2. Write a program to ask User to input a null ended string and call the above
procedure and display the string and its length
3. Additional pseudoinstructions
The following are some additional pseudoinstructions that one could define for
MiniMIPS. In each case, supply an equivalent MiniMIPS instruction or sequence
of instructions with the desired effect. In parth, mullacc is short for
“multiply-accumulate.”
parta: beqz
reg,L
# if (reg) = 0, goto L
partb: bnez
reg,L
# if (reg) ≠ 0, goto L
partc: bgtz
reg,L
# if (reg) > 0, goto L
partd: blez
reg,L
# if (reg) ≤ 0, goto L
parte: bgez
reg,L
# if (reg) ≥ 0, goto L
partf: double regd, regs
# regd = 2 X (regs)
partg: triple
regd, regs
#regd = 3 X (regs)
parth: mulacc regd, reg1,reg2
# regd = ( regd ) + ( reg1 ) X ( reg2 )
4. Finding max and min
Write a complete MiniMIPS program that accepts a sequence of integers at input
and after the receipt of each new input value, displays the largest and smallest
integers thus far. An input of 0 indicates the end of input values and is not an input
value itself. Note that you do not need to keep all integers in memory.

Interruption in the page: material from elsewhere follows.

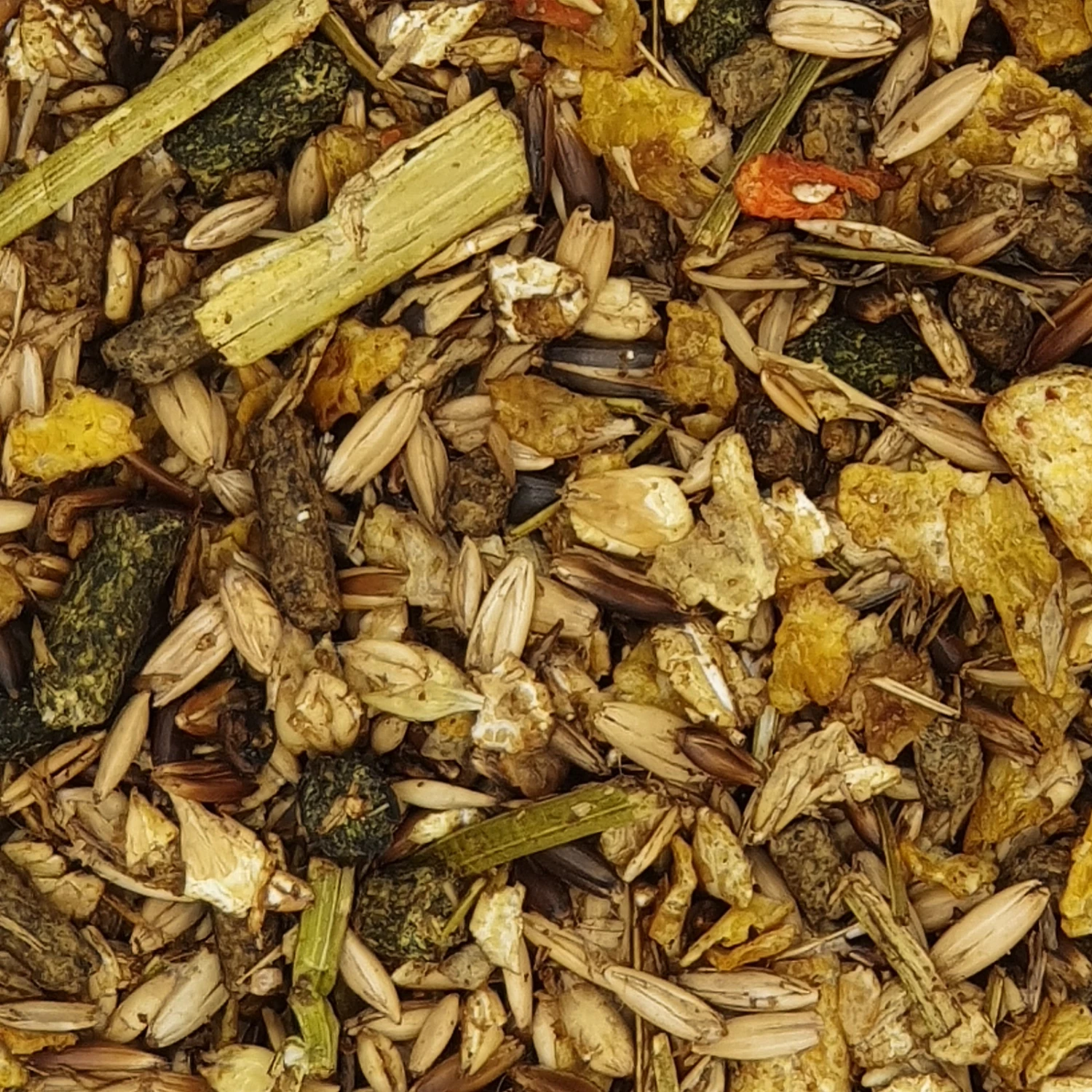 Das natürliche und gesunde Kräuter-Müsli The Green Vet besteht vor allem aus hydrothermisch aufgeschlossenem Getreide (Mais, Gerste, Vollkornhafer und Weizen), Luzernen und Karottenflocken, sowie einem Vitaminpellet. Ergänzt mit hochwertigen Naturkräutern und ätherischen Ölen ist es leichtverdaulich, 100% natürlich und besonders schmackhaft.

5. Decimal to hexadecimal conversion
Write a complete MiniMIPS program to read an unsigned integer with up to six
decimal digits from the input and represent it in hexadecimal form at the output.
Note that because the input integer fits in a single machine word,
decimal-to-binary conversion takes place as part of the input process. All you need
to do is to derive the hex representation from the binary word.
6. Substitution cipher
A substitution cipher changes a plaintext message to a ciphertext by substituting
each of the 26 letters of the English alphabet by another letter according to a
26-entry table. For simplicity, we assume that the plaintext or ciphertext does not
contain space, numerals, punctuation marks, or special symbols. Write a complete
MiniMIPS program to read a 26-symbol string defining the substitution table
( first symbol is the replacement for a, second one is for b, and so on ) and then
repeatedly request plaintext inputs, producing the equivalent ciphertext as output.
Each plaintext input is terminated by a period. Input of any symbol other than a
lower case letter or period terminates the program’s execution.